Monday 24th August
Today we experienced our first seriously rainy day of touring and it certainly makes a contrast to the high thirties we experienced for a month in Italy. We drove from Chippingham 35 minutes south to the C15th mansion of Longleat, ancestral home of the Thynne family who survived Tudor politics, serious Cromwellian warfare and the ups and downs of aristocratic life and who still own their house today.

The present Marquess is an artist and patron of artists who has added to the over 1000 paintings and portraits in Longleat his own quite impressive political and social comment art as well as two mazes and many other garden additions. In 2010 he handed over the running of the estate to his son Viscount Seymour.



The estate is vast although not as big as in Elizabethan days. It still measures 1000 acres of immaculately kept parklands initially established by famous English landscape designer Capability Brown. In addition there are 4000 acres of farmland which includes a running farm and another 4000 acres of woodland.
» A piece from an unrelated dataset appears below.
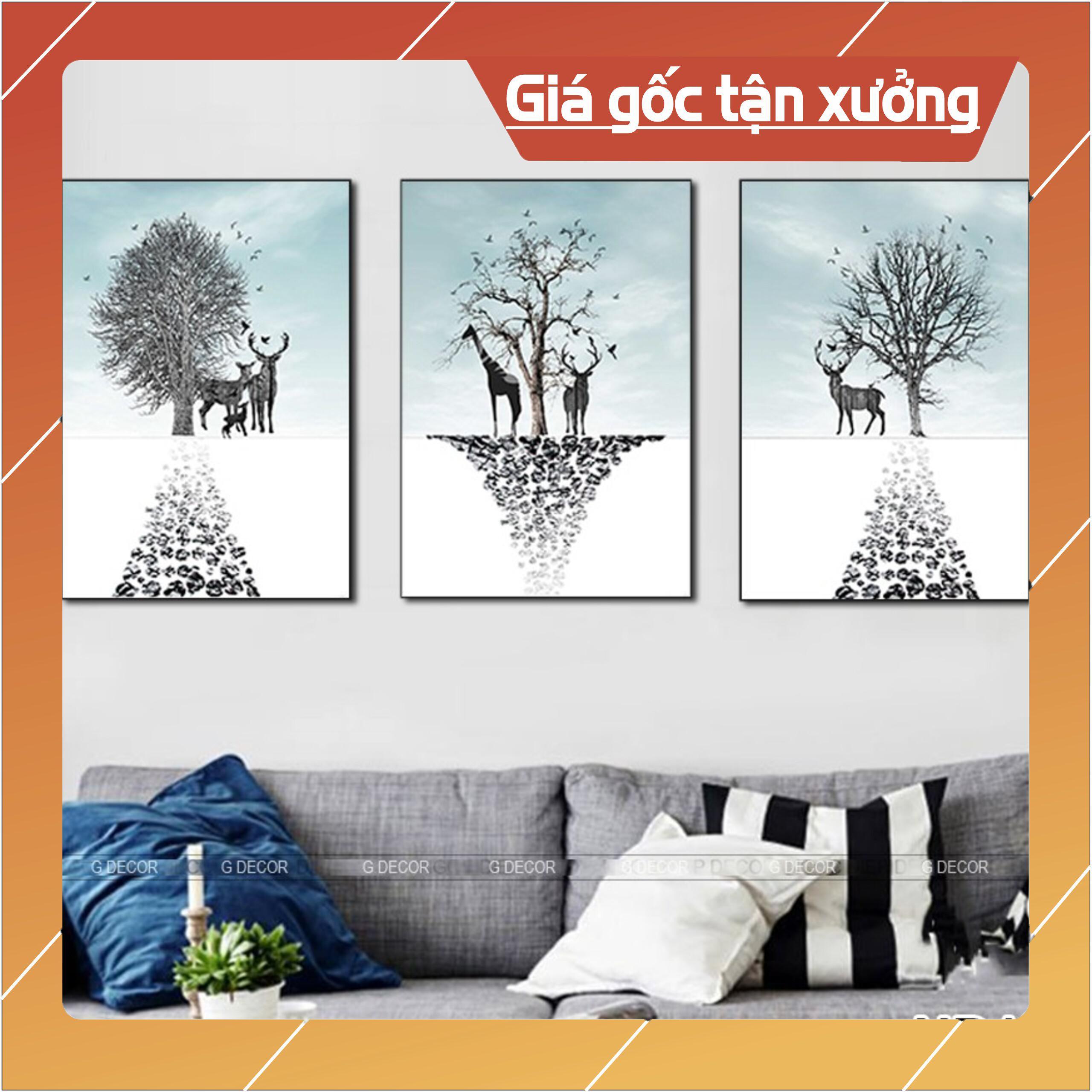 Tranh treo tường trang trí hươu nghệ thuật - Kích thước của tranh : Size 1 :50x70cmx 1 tấm +30x50x2 tấm Size 2 :60x80cm x 1 tấm +40x60x2 tấm - Chất liệu : Tráng gương

It was Henry Thynne (1905 -1992) who saved Longleat from the English death duties taxation system (and in the process many other stately homes). Against significant ridicule he opened the house to the public on a regular paying basis thereby setting a standard for many eventually to follow. In addition as an amazing entrepreneur he created an impressive wildlife safari park and a holiday campsite. Many major public events are held at Longleat and many films have been made there. Longleat is generally regarded as the most impressive still standing Elizabethan house in England.
The House itself contains just one space, the baronial hall remaining from Elizabethan times but that itself is an impressive space. Many ot the changes that have been made were completed in the C19th by architect Sir Jeffrey Wyatville but what made an impact on us were the rich furnishings throughout the house and the high standard with which the interior and furnishings have been maintained. In addition the very committed and enthusiastic staff made an impact by their passion for the house. What made an impact on me was the library of over 44 000 books in seven extraordinary rooms! Hmm…
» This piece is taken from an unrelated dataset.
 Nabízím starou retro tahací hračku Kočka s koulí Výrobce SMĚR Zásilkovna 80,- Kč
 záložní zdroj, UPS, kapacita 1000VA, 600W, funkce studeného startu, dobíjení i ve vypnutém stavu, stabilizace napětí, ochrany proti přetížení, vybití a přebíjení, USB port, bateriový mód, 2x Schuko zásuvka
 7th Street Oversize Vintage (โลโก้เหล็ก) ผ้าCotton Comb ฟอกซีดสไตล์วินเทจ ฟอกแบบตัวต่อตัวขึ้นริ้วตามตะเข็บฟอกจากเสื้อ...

Leaving Longleat after a very pleasant lunch in the crypt of the mansion, we journeyed back to Chippenham via the beautiful small Cotswolds town of Bradford on Avon which contains three very historic churches. We were able to visit two of them. The most ancient is a small and simple Saxon Church, the Church of St Laurence whose existence is noted by William of Malmesbury in the 1120’s but thought by him to date back to the time of St Aldheim (died 709) although this date is contested and the original Saxon site may have been on the site of the present Holy Trinity Anglican Church. This is an ancient church indeed and reminds me of the simple chapel we saw in Glendalough Monastery in southern Ireland some years ago.
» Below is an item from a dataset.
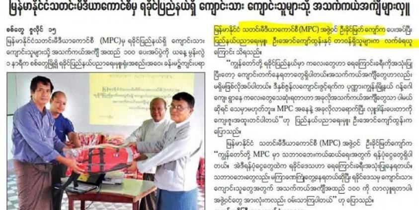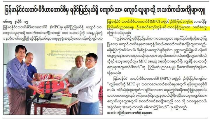 “ဒီအသက်ကယ် အကျႌတွေဟာ မြန်မာသတင်းမီဒီယာကောင်စီရဲ့ ရေဘေးသင့် ပြည်သူတွေကို ကူညီမယ့် ဘတ်ဂျက်ထဲက ကူညီတာဖြစ်ပါတယ်။ ရခိုင်ပြည်နယ် ပုဏ္ဏားကျွန်းမြို့နယ် ပိုးရွှီပြင်ကျေးရွာ အထကမှ ကျောင်းသားတွေ ရေနစ်သေဆုံးမှုကို သူတို့ကြားရတဲ့အခါ အလွန် စိတ်မကောင်းဖြစ်ကြပါတယ်။ အဲ့ဒါကြောင့် သူတို့မှာရှိတဲ့ ဘတ်ဂျက်ထဲက အသက်ကယ်အကျႌအထည် ၁၀၀ ကို ရခိုင်ဒေသမှာရှိတဲ့ ကျောင်းသားတွေ အတွက် အခုလို လှူဒါန်းရခြင်းဖြစ်ပါတယ်”ဟု ဆိုသည်။

Holy Trinity is also an ancient church in Bradford on Avon although substantially rebuilt in the 1860’s. It certainly dates from the C12th on this site and ancient features include a faded wall painting in the sanctuary dating from c1300, the C15th tower, a funeral tomb for Anne Yew dating to 1601, the memorial to Charles Steward who fell off his horse in 1698 and the amazing “squint” or “hagiograph”…a long small corridor with a window into the sanctuary to enable leprosy sufferers to see the priest and hear what was happening in the sanctuary. In the former monastery in which the chapel was built there was a leprosy hospital. The Church will soon celebrate its millennium and is a lively and spiritually active community.